The prevailing opinion is that this is no longer true. You're more likely to see someone reading a glossy magazine or a bodice ripper on the metro today. Although with the advent of Kindles, it's not always easy to know exactly what someone is reading.

But let's leave that aside. My point here is what writers wrought Sunday in Moscow. It was an astonishing turn around in a wild and often dangerous week.

Please note: Poets and playwrights and novelists did this. After watching Moscow authorities beat on people, kick them when they were down, chase them up and down the city's beautiful boulevards and arrest them with no rhyme nor reason — after a week of this, thousands of readers turned out at the invitation of writers to participate in a peaceful, friendly and festive march. It began at the foot of a statue honoring poet Alexander Sergeyevich Pushkin on Pushkin Square and concluded, more or less, at the foot of a monument honoring playwright Alexander Sergeyevich Griboyedov on Chistiye Prudy.

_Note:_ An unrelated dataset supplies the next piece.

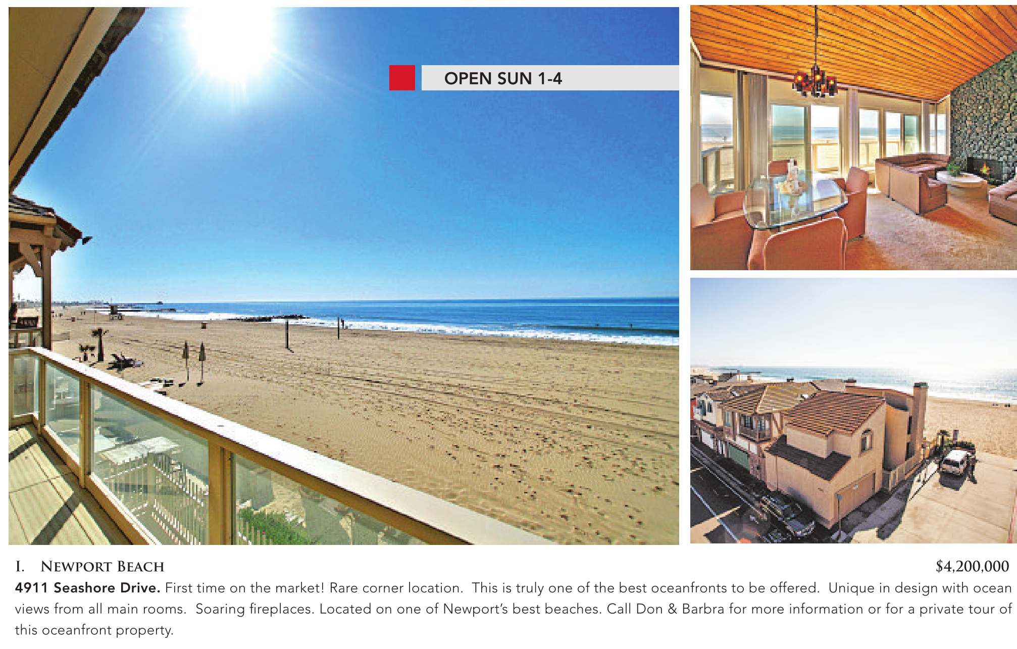 I. Newport Beach $4,200,000 4911 Seashore Drive. First time on the market! Rare corner location. This is truly one of the best oceanfronts to be offered. Unique in design with ocean views from all main rooms. Soaring fireplaces. Located on one of Newport’s best beaches. Call Don & Barbra for more information or for a private tour of this oceanfront property.

Look how Muscovites responded to a call from its writers to show their faith in, and desire for, peace and common sense.

The beauty of this march was its joy, its lightness and goodwill. This is what prompted Akunin to say during his talk on the Parfyonov and Pozner show on Dozhd television that, "Society has become more adult than the authorities. As I watched people, I kept thinking of the notion of 'adult.'"

Akunin, using the lovely neologism of skachkoobrazno, describes the situation of the last week as "developing in fits and starts." His point, and he makes it clearly, is that the general populace in Moscow is one or two steps ahead of the authorities. The authorities keep doing the same old stuff — seeking to repress any signs of dissent — while the people keep changing their tactics.

This is what was so important on Sunday. For the first time this week, the authorities changed their tactics. To the utter amazement of everyone — protesters and authorities alike — an enormous crowd of readers came out to join writers and peacefully say, "Enough!" They did it without making a single demand, without chanting a single slogan. They did it merely by showing up and taking a walk on one of Moscow's most attractive streets.

The authorities clearly put two and two together and smartly decided to keep their numbers to a bare minimum. There was not a storm trooper in evidence on Sunday. Just a few stray policemen doing their job quietly, keeping an eye on things to make sure all were safe.

The police closed down traffic for hours on the boulevard despite the fact that no one had requested permission for such unusual measures. More to the point, the people closed down the streets with their presence and the police, rather than take aggressive or punitive action, stepped back and let it all happen peacefully. That, folks, was the prestige and, yes, the authority of Russia's writers having its effect.

On my own personal walk, I ran into at least two dozen writers, actors and musicians, some of whom I know and some of whom I know only by name. Rock musician Andrei Makarevich was there. The artist Bilzho was there. The journalist and photographer Yury Rost was there. Playwrights were well represented by Maksym Kurochkin, Viktor Korkiya, Nina Belenitskaya, actor-playwright Sergei Yursky and others.

Kurochkin and I chatted about the incredible transformation in styles of demonstration that has taken place over the last week. "What I like most of all," Maksym said, "is the way the genre keeps changing. This has the feel of something real and substantive."